A single mutex contention in anon_pipe_write() was costing shell pipelines up to 28% throughput and 22% latency - and under memory pressure the penalty hit 48%. Breno Leitao of Meta found the culprit while profiling caching code: alloc_page() called once per page while holding pipe->mutex. That allocation can sleep doing direct reclaim and memcg charging, extending the critical section and stalling any concurrent reader on the same mutex.
The Problem: alloc_page() Inside the Mutex Every write to an anonymous pipe (think | in your shell) called alloc_page() while spinning on the mutex. If the allocator had to do reclaim, the mutex held time ballooned, serializing all readers and writers. For shell pipelines and standard stream plumbing, that meant measurable slowdowns in everyday workflows.
The Fix: Pre-allocate and Recycle Pages Leitao's patch, now merged into Linux 7.2, pre-allocates up to 8 pages before taking the lock. Leftovers are recycled into the per-pipe tmp_page[] cache before unlock, and any remainder is released after unlock. The allocator stays out of the critical section on both sides.

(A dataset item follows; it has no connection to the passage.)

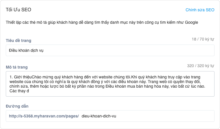 Tiêu đề trang và mô tả trang có giới hạn ký tự. Nếu bạn nhập nhiều văn bản vượt quá giới hạn ký tự, thì sẽ được rút ngắn trong kết quả của công cụ tìm kiếm.

The Numbers: 6-48% Gains Across the Board On a writers x readers sweep with 64KB writes against a 1MB pipe, throughput improves 6-28% and average write latency drops 5-22%. Under memory pressure - when the cost of holding the mutex across reclaim is highest - throughput improves 21-48% and latency drops 17-33%. The microbenchmark is already added to kernel selftests. This patch is the kind of low-level fix that doesn't make flashy headlines but shaves milliseconds off every grep | sort | uniq pipeline on the planet. Every shell user on Linux 7.2 gets these gains for free, no config tweaks required.